Todavia, ditou o destino que os Quiet Sun teriam direito a uma segunda vida, evitando que se tornassem uma eterna e obscura nota de rodapé do rock britãnico dos anos 70. Em 1975, aproveitando um hiato na carreira dos Roxy Music, Phil Manzanera lançou-se na edição do seu primeiro álbum em nome próprio - Diamond Head - e, pelo meio, congregou os seus velhos companheiros universitários para um ritual de ressurreição enérgico e fortemente improvisado intitulado Mainstream. Os quatro acabaram por expandir-se, incluindo Ian MacCormick em erráticas vocalizações e assegurando o vanguardista de todas as épocas Brian Eno no refinamento das atmosferas e na aplicação das suas estratégias oblíquas. A gravação final assemelha-se vagamente a um cruzamento entre os Soft Machine mais espaciais e os Velvet Underground mais experimentais.
É, não obstante, notório que a sonoridade base dos Quiet Sun bebe maioritariamente do rock progressivo do seu tempo, embora com laivos de inspiração jazzística e exalando o complexo perfume da cena de Canterbury. O elemento mais fresco e irreverente é, indubitavelmente, a guitarra de Phil Manzanera. A mesma serpenteia, rasga e fustiga ao longo de Mainstream. Apesar de mais prosaica, a secção rítmica fornece a base de sustentação para as intrincadas tapeçarias sonoras de Manzanera e os teclados pingam gotas etéreas ao longo da obra. Tome-se como exemplo Sol Caliente, o tema que abre o disco. Ofuscante, vibrante e abrasado pela fuzz guitar, move-se em espirais elípticas no sistema nervoso do ouvinte, libertando estranhas ondas rítmicas que não motivam a dança mas acordam o corpo. O clímax da peça acaba por fundir-se com a seguinte, Trumpets With Motherhood, que mais não é que o seu lento esfumaçar.
Igualmente físico e alucinante é Mummy Was an Asteroid, Daddy Was a Small Non-Stick Kitchen Utensil. O surrealismo do nome não é defraudado pela música, caleidoscópica travessia, feita de curvas e contracurvas, que se afasta progressivamente da terra firme até desaparecer no vácuo. O contraponto entre a guitarra e as teclas é deveras sublime e o tema arrasta-nos para a sua vertigem cósmica, sem hipóteses de libertação.

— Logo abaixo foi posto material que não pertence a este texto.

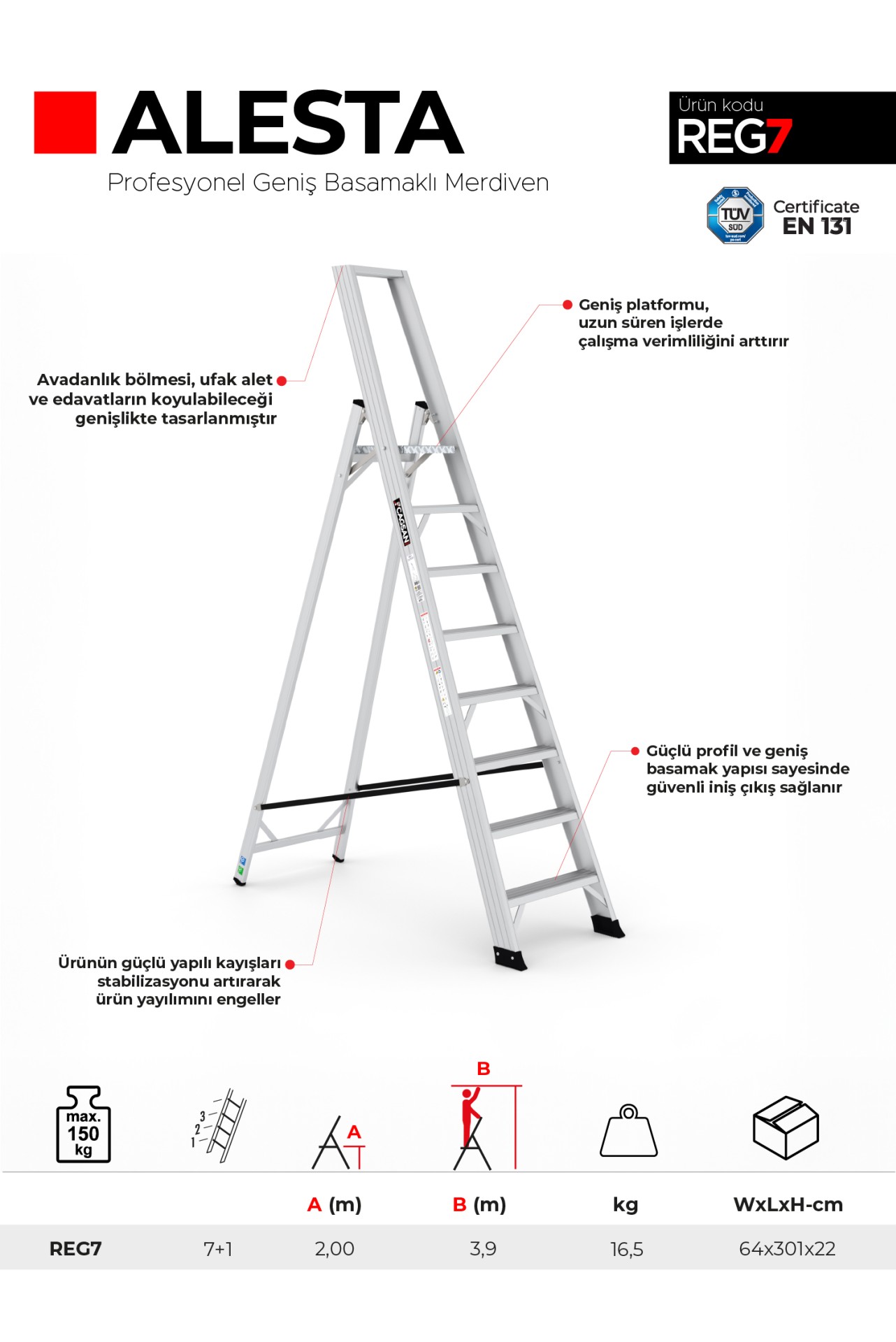 ALESTA, sağlam yapısı ve kullanışlı özellikleri ile öne çıkan profesyonel geniş basamaklı bir merdivendir. Alüminyum malzemeden imal edilmiş olması, hafiflik sağlar ve taşınabilirlik özelliği sunar. Ayrıca, basamakları geniş olduğu için ergonomik bir çalışma deneyimi yaşatır. Özel mafsalı sayesinde de kolaylıkla katlanıp açılabilir.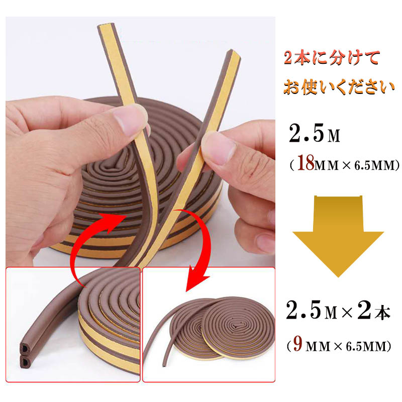 【長さ】:約5M(2.5M×2本)※隙間テープは中央から裂いてお使いください。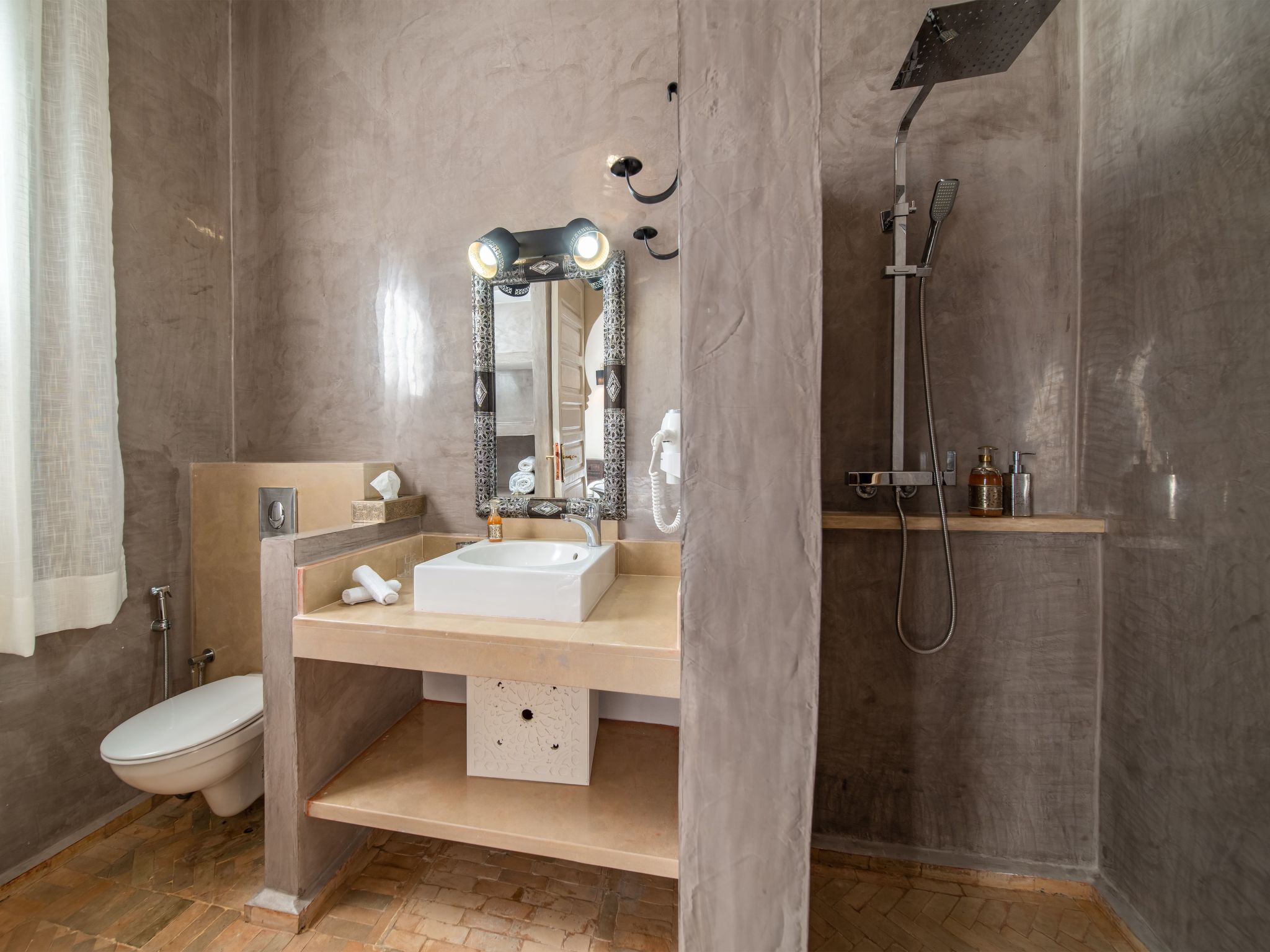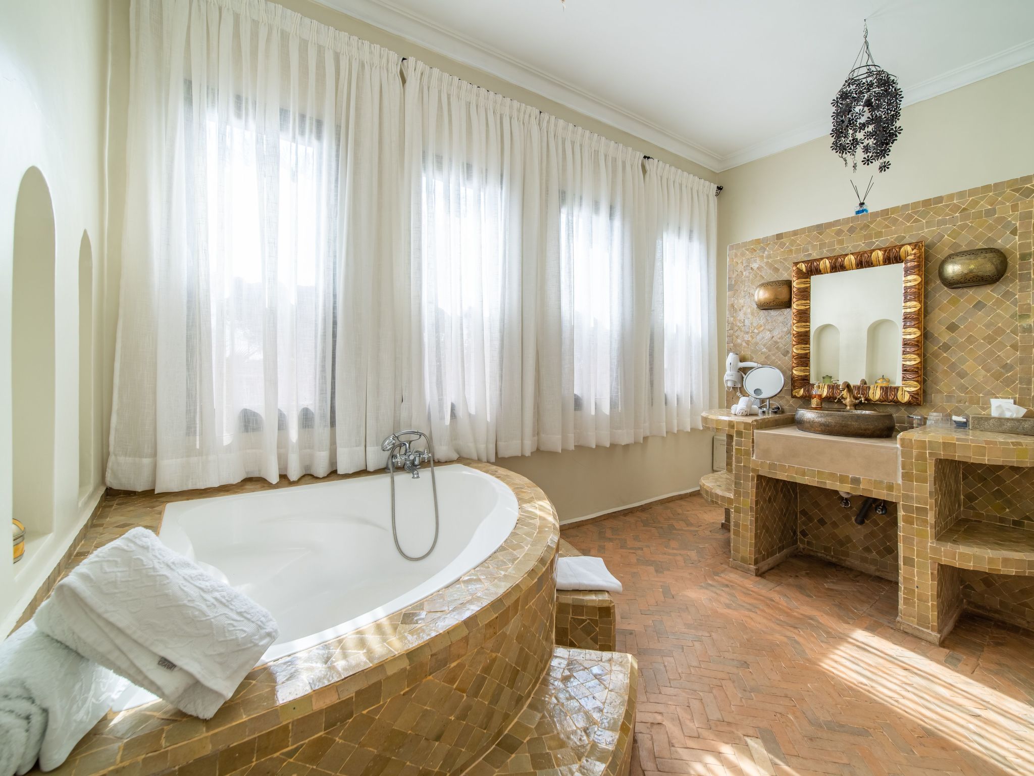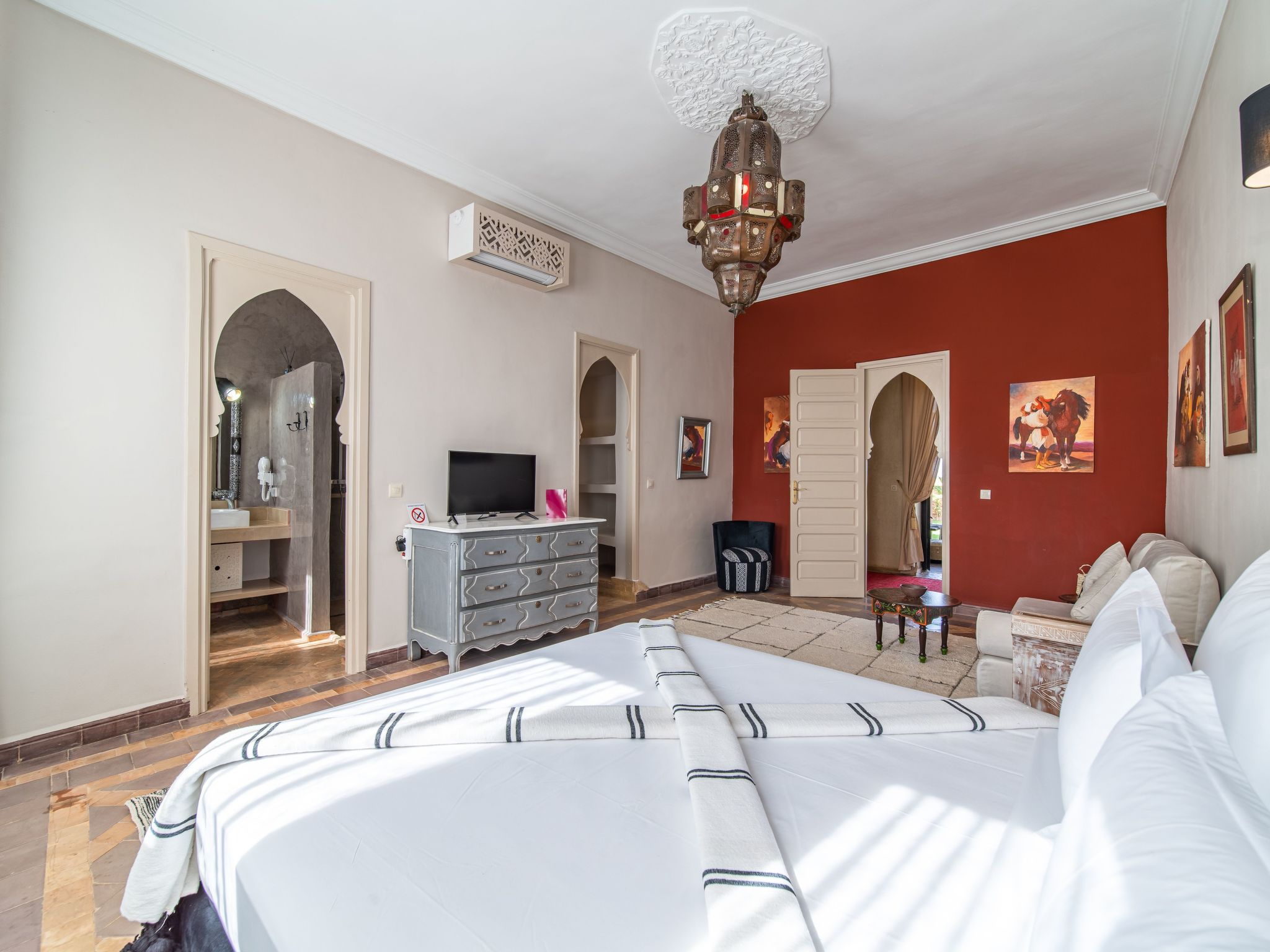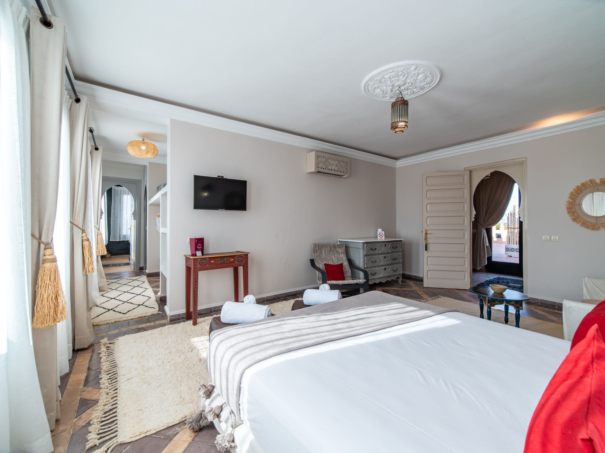 Im Außenbereich öffnet sich das Haus zu einem üppigen und sorgfältig gepflegten Außenbereich, der zur gemeinschaftlichen Nutzung zur Verfügung steht und eine Vielzahl von Optionen zum Entspannen und Genießen des milden Klimas von Marrakesch bietet. Die Terrasse und die Dachterrasse laden zu geselligen Stunden oder entspannenden Momenten ein, während Sie die Aussicht genießen, während der belebende Pool nach einem Tag voller Erkundungen willkommene Erfrischungen verspricht. Der Garten mit seinem Grillplatz eignet sich perfekt für Grillabende unter dem Sternenhimmel.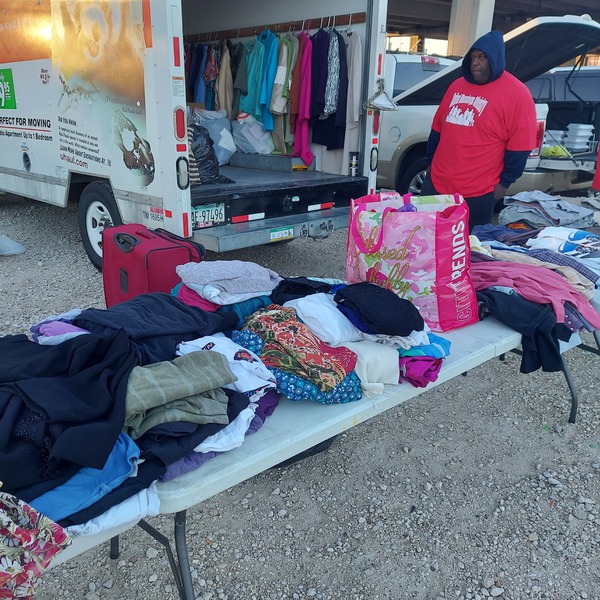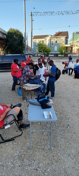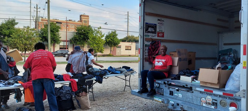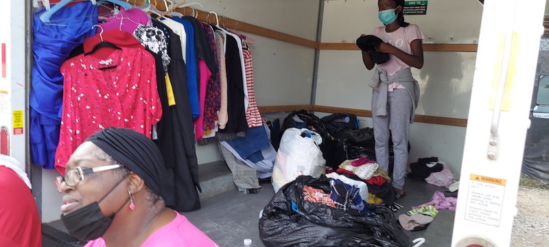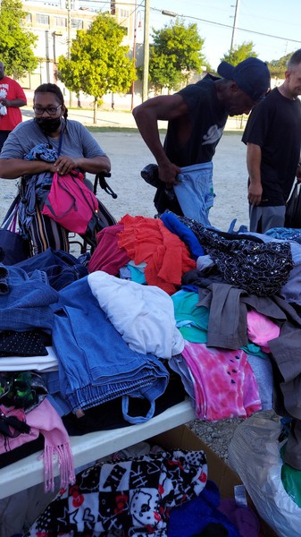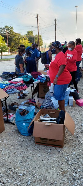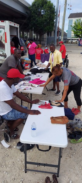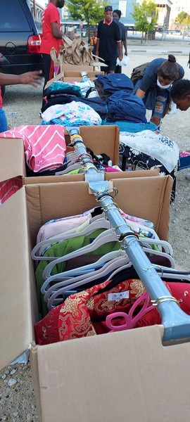 September 18, 2021 - Quarterly Clothing and Food Drive serving sandwhiches, chips and beverages.  We blessed the community with lots of clothing, shoes, and so much more!  We had one young lady give her life to Christ. Hallelujah!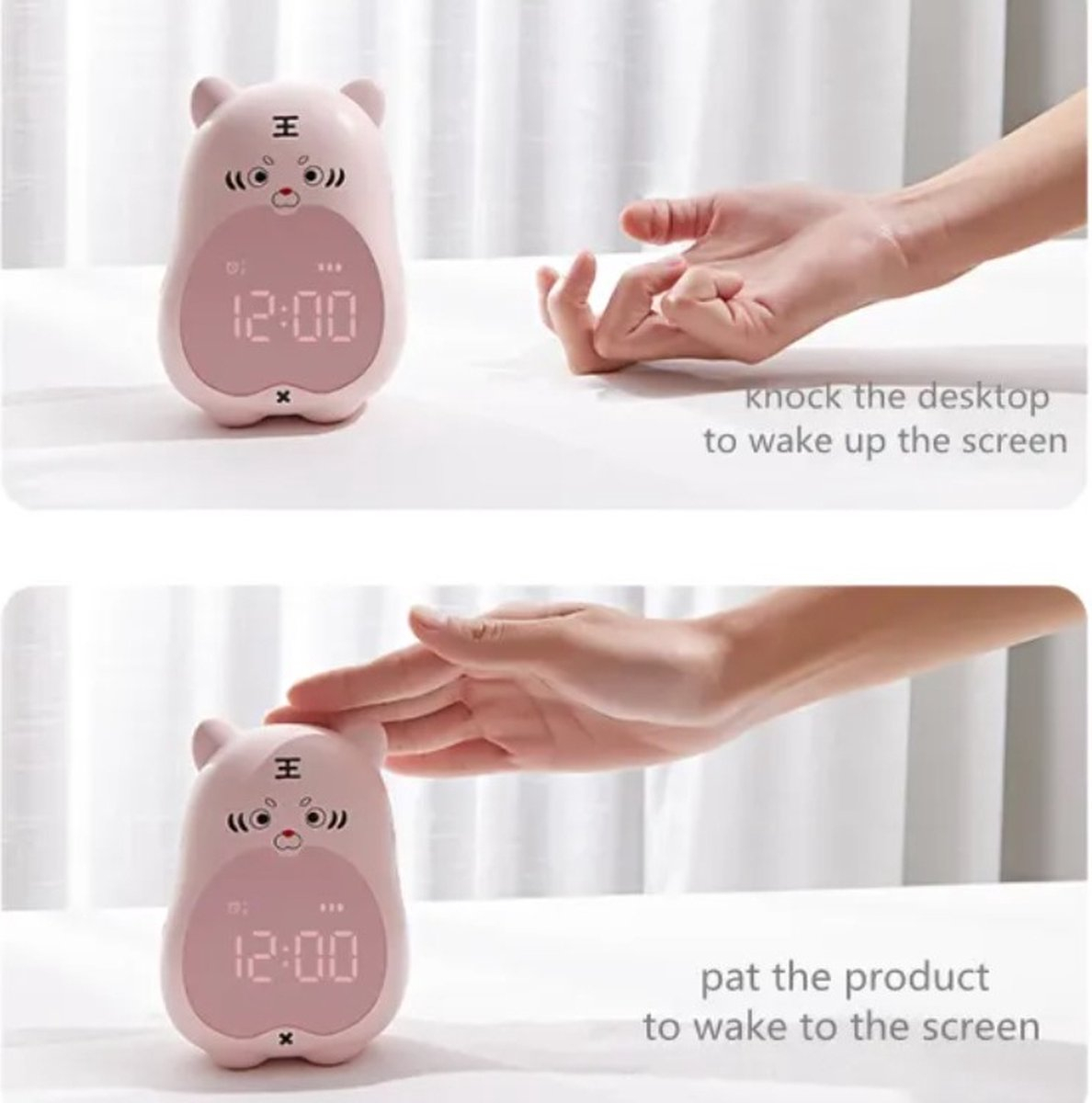 Digitale silicone slaaptrainer Wake-Up Touch Sensing Light- USB oplaadbaar nachtlampje – Roze Tijger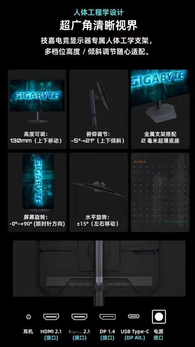 此外,这款显示器内置无频闪技术,支持 VRR(可变刷新率),减少频闪,内置 AI OLED 防烧屏功能,带有 3 年质保,配备两个 HDMI 2.1、一个 DP 1.4 以及一个 USB-C 接口,电源则是外置设计。显示器支架支持升降 / 倾斜 / 旋转,亦支持 VESA 壁挂。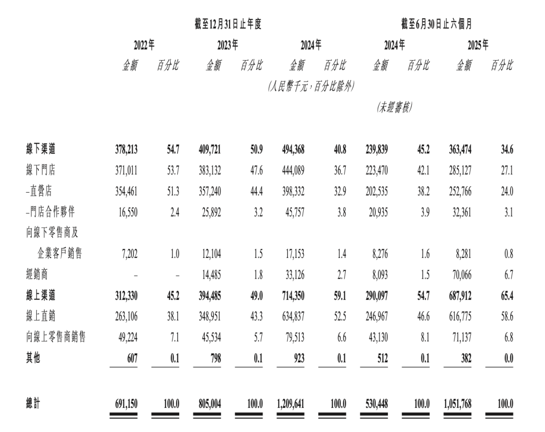 2020年創(chuàng)始人直播破冰后,林清軒加速線上布局。數(shù)據(jù)顯示,2024年,林清軒線上收入達7.14億元,占比從45.2%升至59.1%。2022年至2024年,林清軒線上收入復(fù)合年增長51.2%,今年上半年線上收入同比增速更是高達137.2%。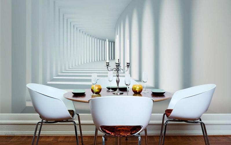 - Bir duvarı derin çizimleri veya manzaraları olan duvar resimleri ile yapıştırın. Bununla birlikte, iyi kalitede olmaları önemlidir, aksi takdirde etki bulanık olacaktır.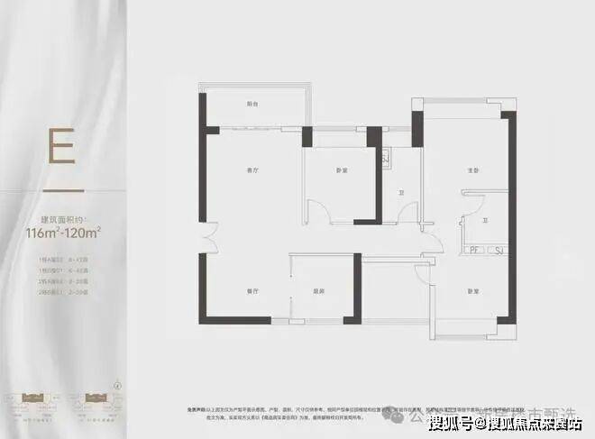 建面约 116-120m²,3 房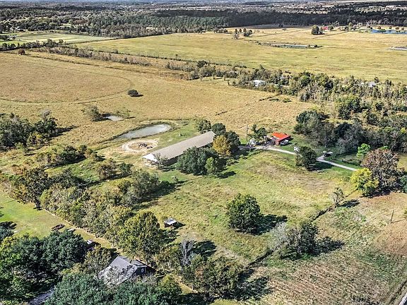 Nearly 50 acres of unrestricted land, not in a flood zone. A 2-story bunkhouse with potential, a Kentucky style pole barn with 15 horse stalls, tack room, and more. Frig included, with water available in multiple locations. Morgan storage building on site. Septic system, deep well, and 2 ponds. Fenced for horses or cattle. Horse walker included. Excellent air flow design in barn. A property with endless possibilities.

Trot mantém-nos em suspensão, com um piano em regime de sonata sonâmbula, uma guitarra incandescente e a complexidade rítmica típica da escola de Canterbury. O final chega com Rongwrong. Para manter a toada levemente inusitada que percorre o disco, este é o único tema vocalizado e a voz pertence ao baterista. Composição menos feérica que as anteriores, engloba uma série de fantasias instrumentais e devaneia ao longo de 10 minutos em regime stream of consciousness. Pelo meio ficaram Bargain Classics - momento de pujante e virtuosa intensidade, em que a guitarra e a bateria se degladiam com galhardia pela vitória - e R.F.D., peça flutuante e sombria, dominada pelas teclas e onde a presença de Brian Eno é mais notória.
Mainstream foi reeditado em 2011, contendo quatro extras - essencialmente sobras das sessões de gravação - e uma entrevista com a banda. A sonoridade desta revisitação da obra é de sobremaneira aconselhável e vinca exemplarmente a qualidade e intuição interpretativas dos músicos executantes. Não deixa de ser notável constatar que Mainstream foi gravado em poucos dias, sendo que a maioria dos temas resulta de captações logo ao primeiro take. Em tal estado de graça e inspiração, os Quiet Sun conseguiram o que muitos outros demoram anos - ou obras - a alcançar.